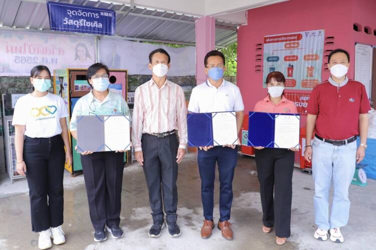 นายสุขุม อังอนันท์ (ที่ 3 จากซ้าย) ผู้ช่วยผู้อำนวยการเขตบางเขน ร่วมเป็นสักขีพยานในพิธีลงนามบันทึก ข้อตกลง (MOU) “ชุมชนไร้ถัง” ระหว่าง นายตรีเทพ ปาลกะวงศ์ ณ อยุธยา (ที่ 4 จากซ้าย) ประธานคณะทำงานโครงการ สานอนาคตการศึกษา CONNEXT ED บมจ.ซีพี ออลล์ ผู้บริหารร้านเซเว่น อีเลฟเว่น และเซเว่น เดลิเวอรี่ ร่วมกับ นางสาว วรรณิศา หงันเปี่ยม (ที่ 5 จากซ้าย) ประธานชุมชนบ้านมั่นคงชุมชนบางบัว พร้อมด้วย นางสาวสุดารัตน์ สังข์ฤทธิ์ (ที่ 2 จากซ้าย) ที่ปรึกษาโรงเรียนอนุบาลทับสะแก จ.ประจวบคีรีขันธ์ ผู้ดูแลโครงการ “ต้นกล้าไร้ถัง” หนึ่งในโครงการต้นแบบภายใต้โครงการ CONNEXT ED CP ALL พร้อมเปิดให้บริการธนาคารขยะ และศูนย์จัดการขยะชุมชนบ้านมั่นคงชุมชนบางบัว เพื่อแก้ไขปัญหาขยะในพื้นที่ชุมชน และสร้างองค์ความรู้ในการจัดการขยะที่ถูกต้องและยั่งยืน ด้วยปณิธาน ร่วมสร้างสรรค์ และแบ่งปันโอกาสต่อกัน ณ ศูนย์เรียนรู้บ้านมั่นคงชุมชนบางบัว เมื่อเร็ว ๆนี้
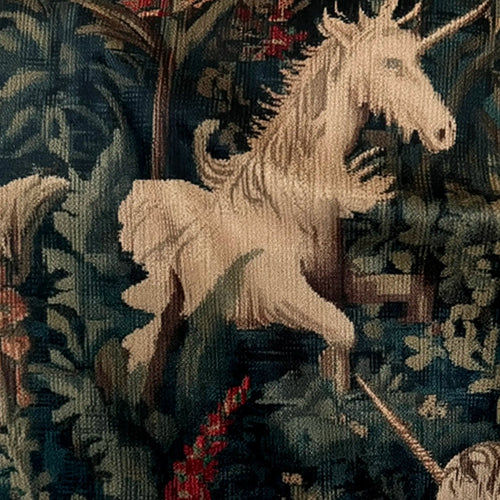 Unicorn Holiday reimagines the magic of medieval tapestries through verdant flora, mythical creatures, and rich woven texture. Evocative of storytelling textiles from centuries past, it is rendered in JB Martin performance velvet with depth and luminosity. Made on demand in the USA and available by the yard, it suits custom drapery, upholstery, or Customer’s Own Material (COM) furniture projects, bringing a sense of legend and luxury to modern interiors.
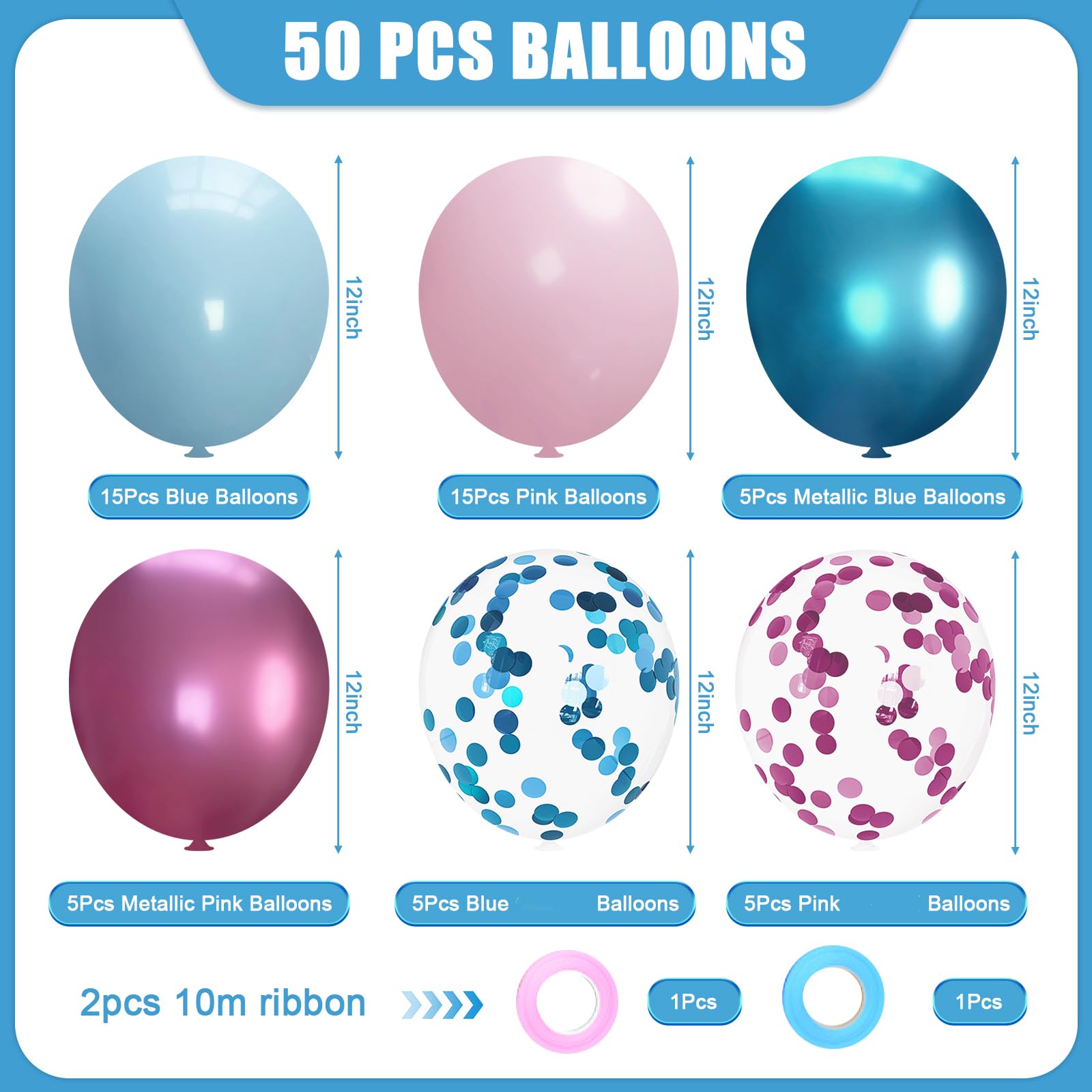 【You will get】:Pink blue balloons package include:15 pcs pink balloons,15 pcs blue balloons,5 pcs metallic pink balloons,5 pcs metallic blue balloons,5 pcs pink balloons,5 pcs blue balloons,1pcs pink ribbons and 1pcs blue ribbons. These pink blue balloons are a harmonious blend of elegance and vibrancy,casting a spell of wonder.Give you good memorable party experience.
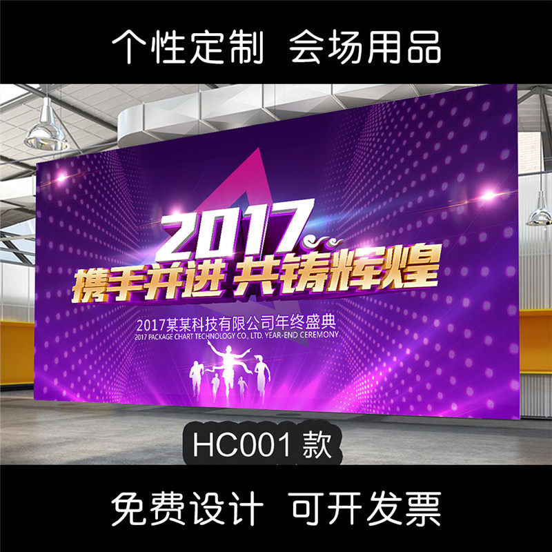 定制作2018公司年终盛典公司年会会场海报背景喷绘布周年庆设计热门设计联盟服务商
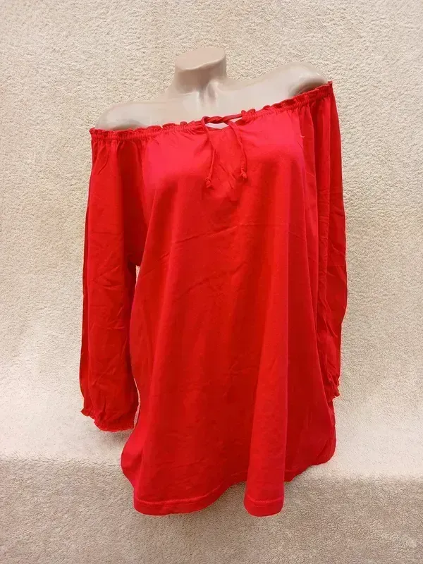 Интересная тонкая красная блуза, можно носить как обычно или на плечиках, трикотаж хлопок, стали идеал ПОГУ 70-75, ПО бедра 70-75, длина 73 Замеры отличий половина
...
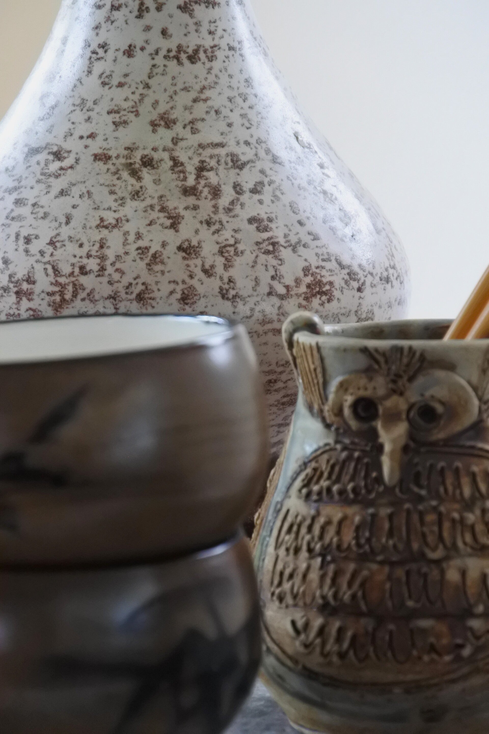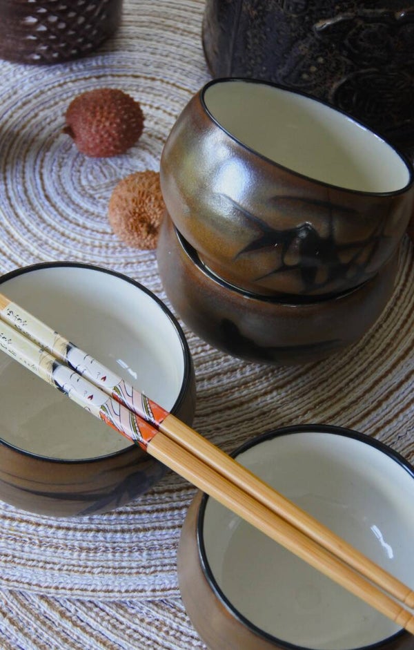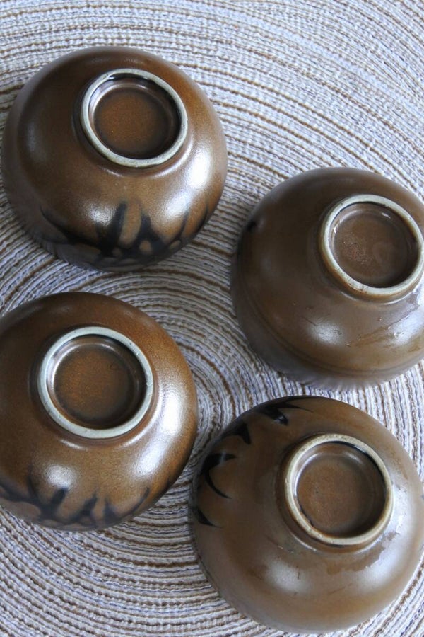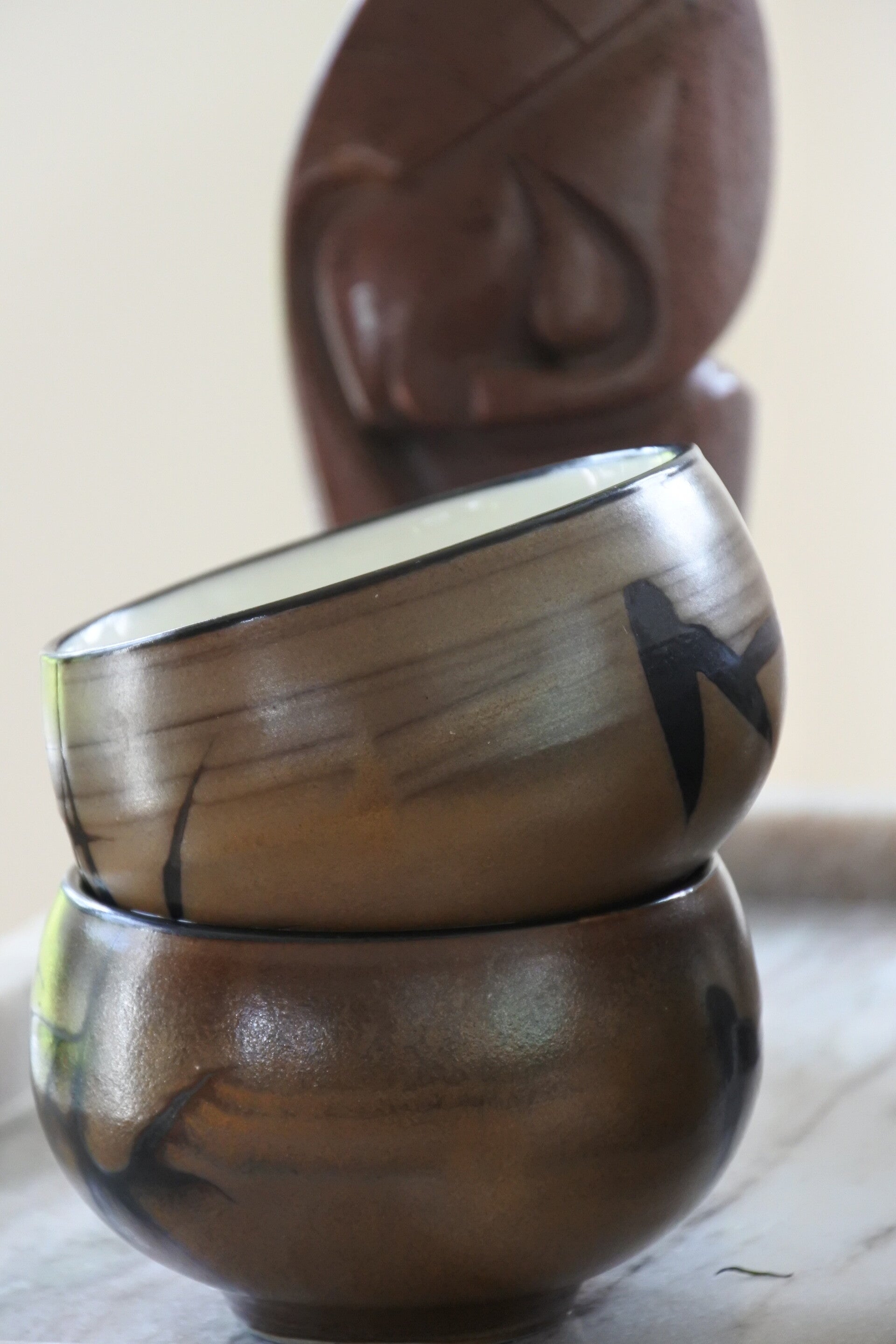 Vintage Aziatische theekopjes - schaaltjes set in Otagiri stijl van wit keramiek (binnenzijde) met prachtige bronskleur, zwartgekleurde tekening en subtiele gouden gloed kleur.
* * *
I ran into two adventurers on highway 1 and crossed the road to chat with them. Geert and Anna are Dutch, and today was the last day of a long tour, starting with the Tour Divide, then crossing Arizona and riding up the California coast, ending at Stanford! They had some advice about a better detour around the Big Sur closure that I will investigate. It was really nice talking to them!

> [What you are asked to do]
Working from the records above, set down word for word everything from the line containing "定制作2018公司年终盛典公" down to the line containing "Интересная тонкая красная", ends included, minus the pictures.

> [Answer for the task]
 定制作2018公司年终盛典公司年会会场海报背景喷绘布周年庆设计热门设计联盟服务商
 Интересная тонкая красная блуза, можно носить как обычно или на плечиках, трикотаж хлопок, стали идеал ПОГУ 70-75, ПО бедра 70-75, длина 73 Замеры отличий половина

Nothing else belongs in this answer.